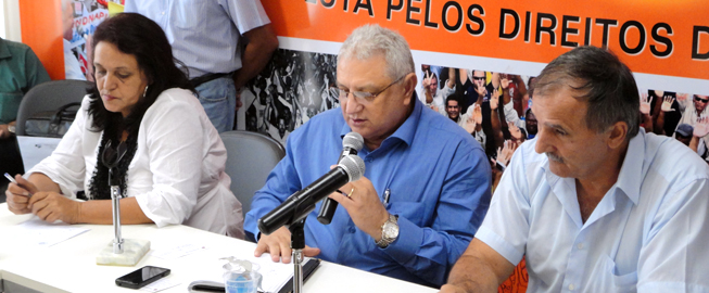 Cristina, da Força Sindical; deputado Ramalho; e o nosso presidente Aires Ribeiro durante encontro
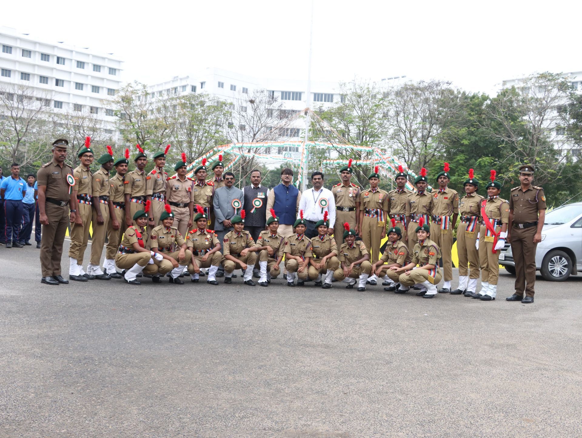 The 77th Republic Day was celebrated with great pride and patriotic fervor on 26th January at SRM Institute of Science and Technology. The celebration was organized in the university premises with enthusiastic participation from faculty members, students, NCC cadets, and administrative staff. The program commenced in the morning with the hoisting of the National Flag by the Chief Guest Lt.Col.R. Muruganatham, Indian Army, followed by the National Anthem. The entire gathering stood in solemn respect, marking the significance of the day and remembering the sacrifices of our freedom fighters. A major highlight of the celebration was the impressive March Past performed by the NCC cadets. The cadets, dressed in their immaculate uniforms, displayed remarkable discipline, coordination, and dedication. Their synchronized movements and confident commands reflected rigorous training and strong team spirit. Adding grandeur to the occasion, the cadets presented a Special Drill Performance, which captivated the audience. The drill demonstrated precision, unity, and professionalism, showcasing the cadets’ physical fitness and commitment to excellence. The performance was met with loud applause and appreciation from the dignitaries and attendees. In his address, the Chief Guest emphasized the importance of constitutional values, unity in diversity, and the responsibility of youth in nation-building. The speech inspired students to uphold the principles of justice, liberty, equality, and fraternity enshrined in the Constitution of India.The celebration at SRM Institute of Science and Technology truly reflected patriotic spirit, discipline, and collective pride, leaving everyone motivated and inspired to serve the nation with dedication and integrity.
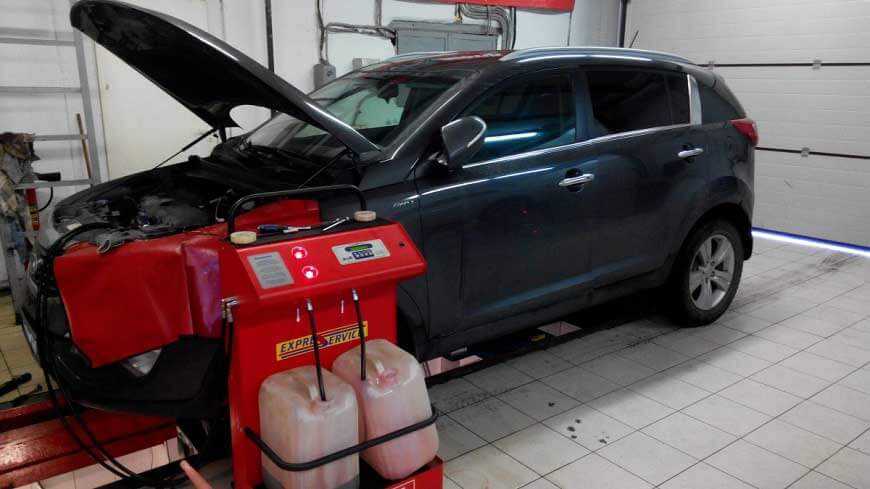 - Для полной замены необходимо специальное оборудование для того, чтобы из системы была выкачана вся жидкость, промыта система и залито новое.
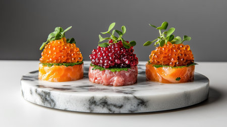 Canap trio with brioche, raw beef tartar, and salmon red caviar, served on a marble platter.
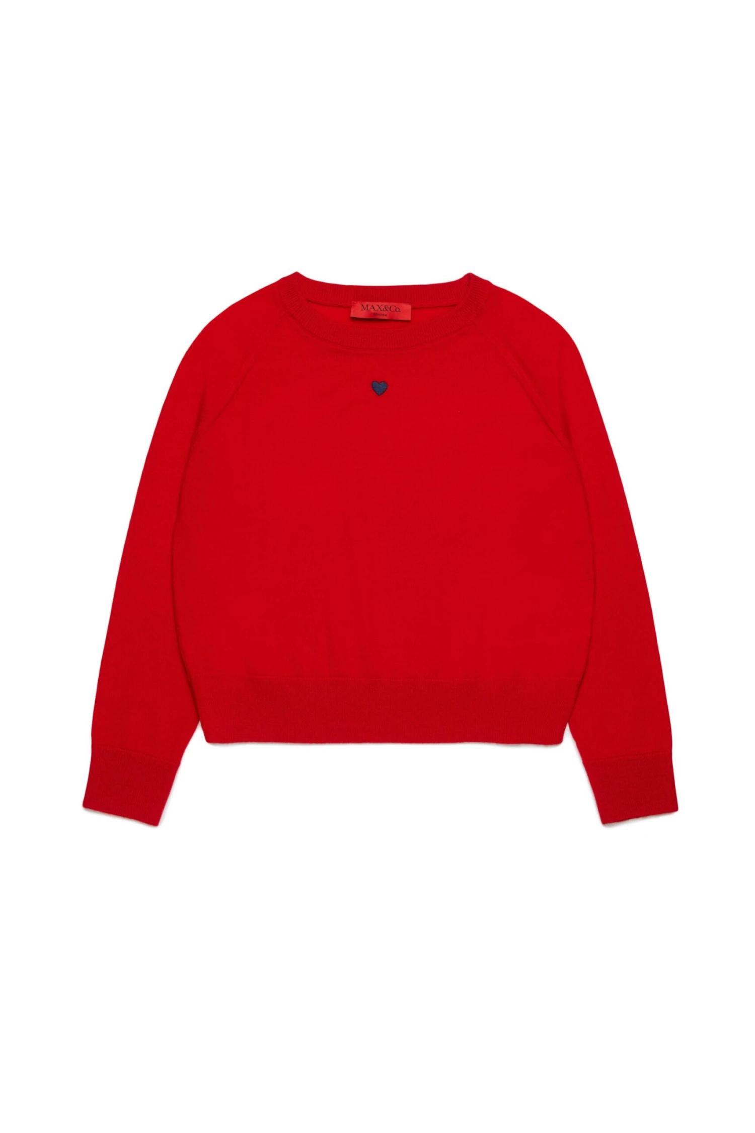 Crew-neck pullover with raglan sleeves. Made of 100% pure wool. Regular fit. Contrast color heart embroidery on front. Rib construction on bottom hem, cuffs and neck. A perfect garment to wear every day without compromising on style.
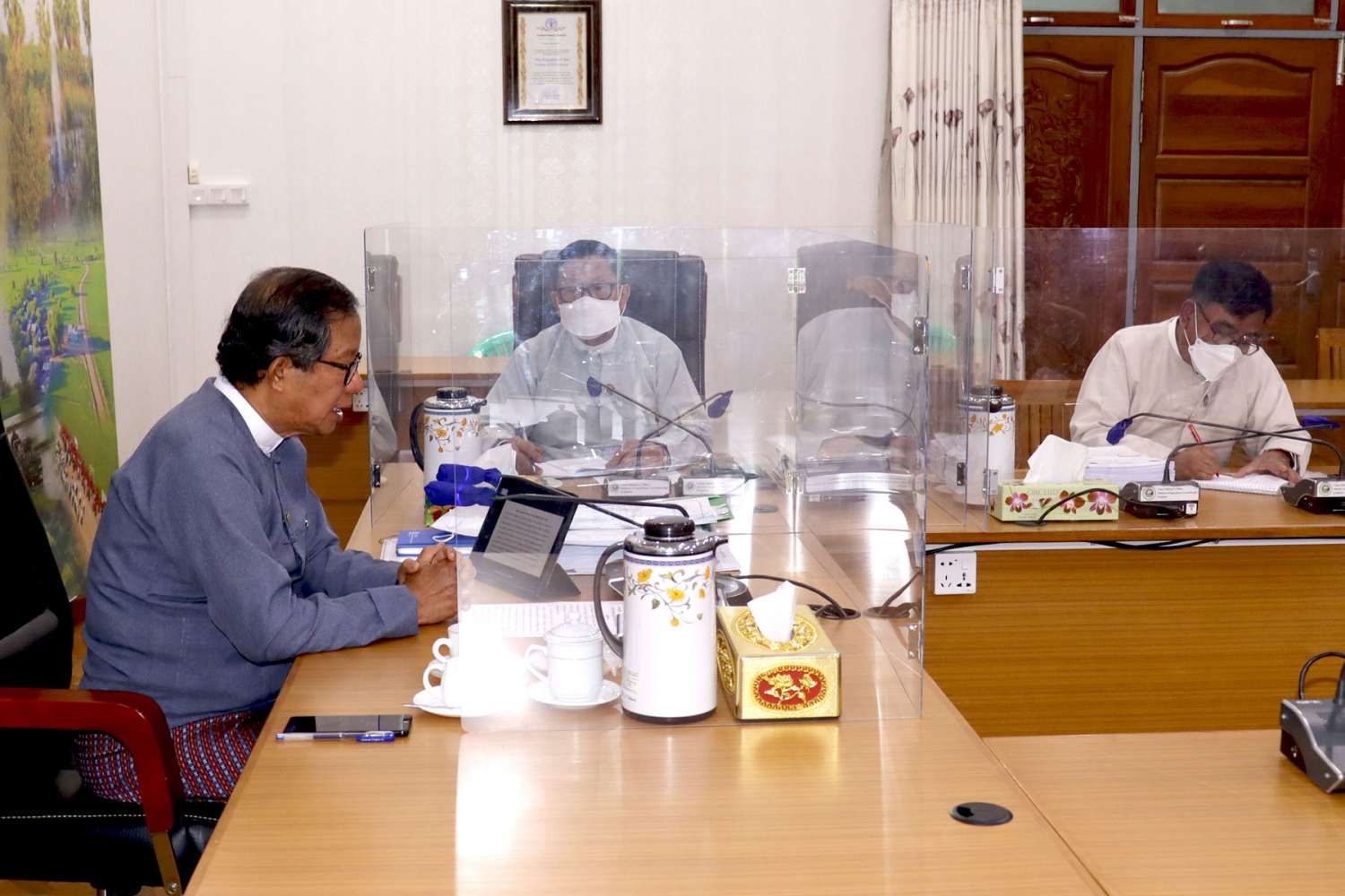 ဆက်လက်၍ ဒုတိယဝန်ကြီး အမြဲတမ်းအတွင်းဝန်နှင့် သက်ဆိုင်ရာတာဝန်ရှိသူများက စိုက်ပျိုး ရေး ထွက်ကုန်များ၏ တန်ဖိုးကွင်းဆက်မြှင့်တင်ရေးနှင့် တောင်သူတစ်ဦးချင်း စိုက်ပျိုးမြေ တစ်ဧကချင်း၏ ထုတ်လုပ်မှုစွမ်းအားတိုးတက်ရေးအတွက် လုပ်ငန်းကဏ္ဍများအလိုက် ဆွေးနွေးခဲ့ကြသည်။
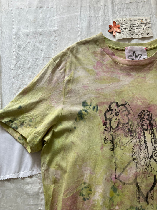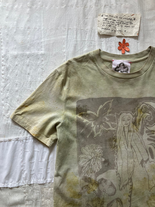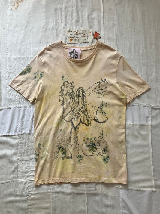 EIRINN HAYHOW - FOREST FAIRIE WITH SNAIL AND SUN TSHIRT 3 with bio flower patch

--------------------------------------------------

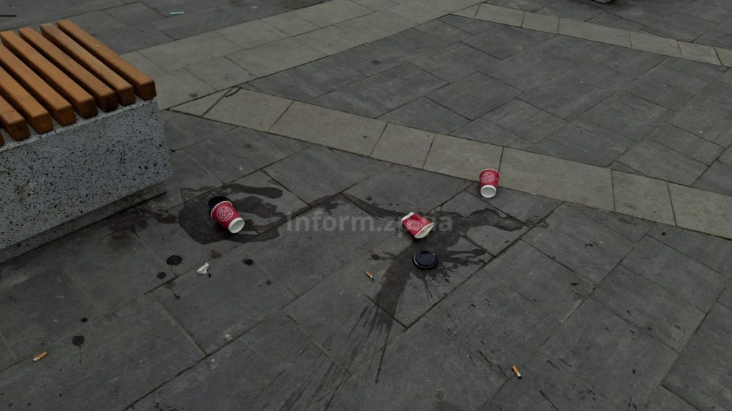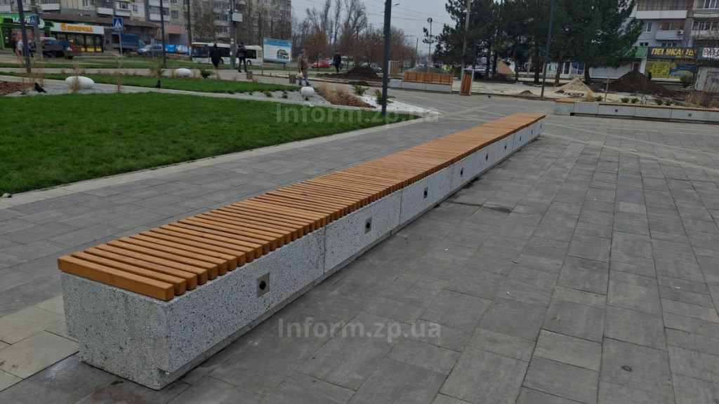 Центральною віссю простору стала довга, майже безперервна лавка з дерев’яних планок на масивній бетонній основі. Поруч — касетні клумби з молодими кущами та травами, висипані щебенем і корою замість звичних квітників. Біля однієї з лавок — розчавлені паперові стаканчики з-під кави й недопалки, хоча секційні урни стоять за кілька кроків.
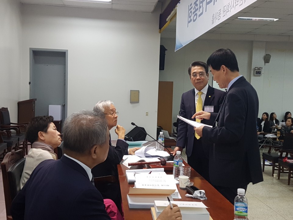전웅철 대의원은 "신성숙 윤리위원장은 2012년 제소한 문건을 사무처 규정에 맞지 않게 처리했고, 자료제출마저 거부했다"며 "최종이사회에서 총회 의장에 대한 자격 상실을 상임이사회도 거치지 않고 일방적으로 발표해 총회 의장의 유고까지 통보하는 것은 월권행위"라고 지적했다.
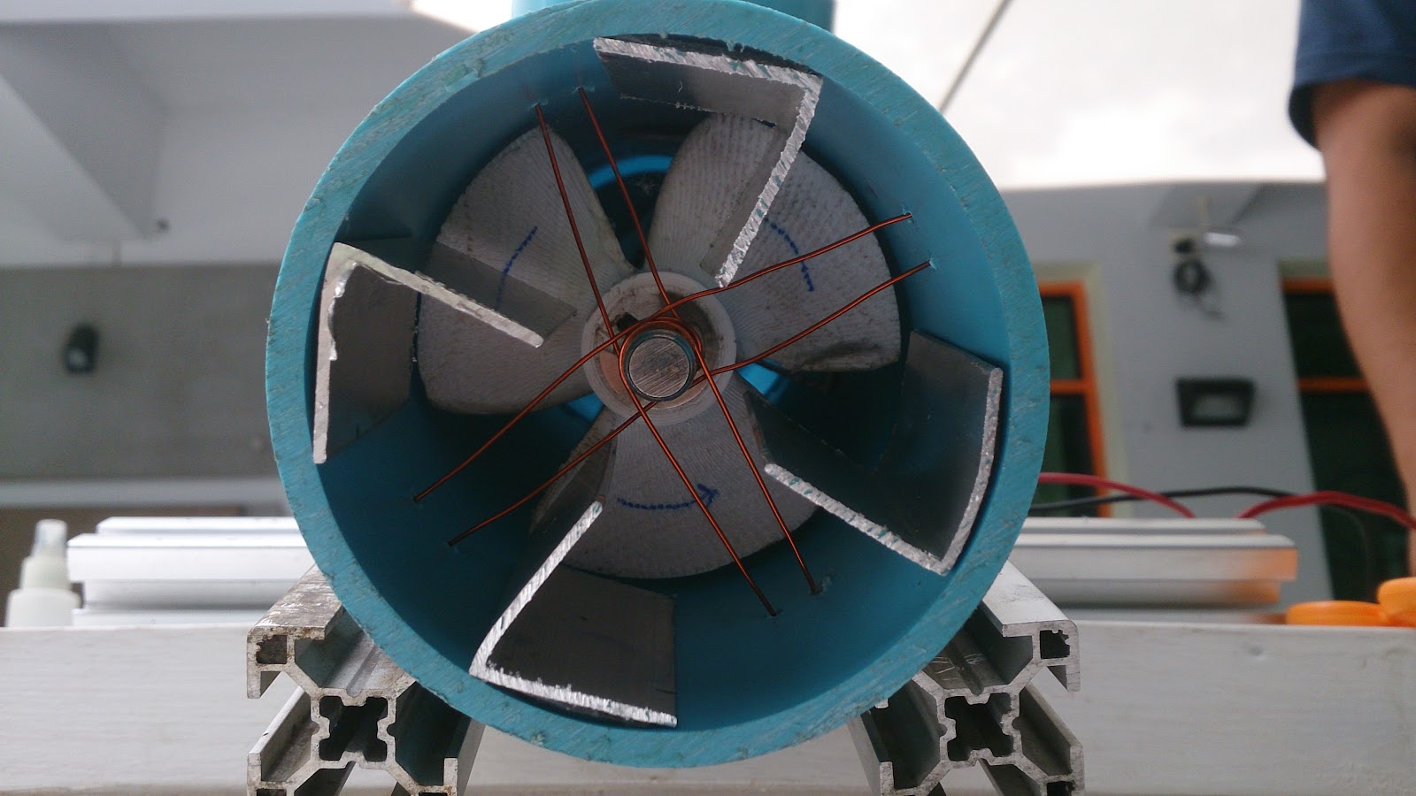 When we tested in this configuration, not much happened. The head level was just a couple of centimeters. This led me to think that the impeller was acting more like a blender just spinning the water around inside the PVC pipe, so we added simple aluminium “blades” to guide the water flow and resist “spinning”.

--------------------------------------------------

» PROBLEM: Repeat exactly the lines above, from the line that contains "ဆက်လက်၍ ဒုတိယဝန်ကြီး အမြဲတမ်းအတွင်းဝန်နှင့်" down through the line that contains "EIRINN HAYHOW - FOREST". Include both of those lines and none of the pictures.

» FINISHED TASK:
 ဆက်လက်၍ ဒုတိယဝန်ကြီး အမြဲတမ်းအတွင်းဝန်နှင့် သက်ဆိုင်ရာတာဝန်ရှိသူများက စိုက်ပျိုး ရေး ထွက်ကုန်များ၏ တန်ဖိုးကွင်းဆက်မြှင့်တင်ရေးနှင့် တောင်သူတစ်ဦးချင်း စိုက်ပျိုးမြေ တစ်ဧကချင်း၏ ထုတ်လုပ်မှုစွမ်းအားတိုးတက်ရေးအတွက် လုပ်ငန်းကဏ္ဍများအလိုက် ဆွေးနွေးခဲ့ကြသည်။
 EIRINN HAYHOW - FOREST FAIRIE WITH SNAIL AND SUN TSHIRT 3 with bio flower patch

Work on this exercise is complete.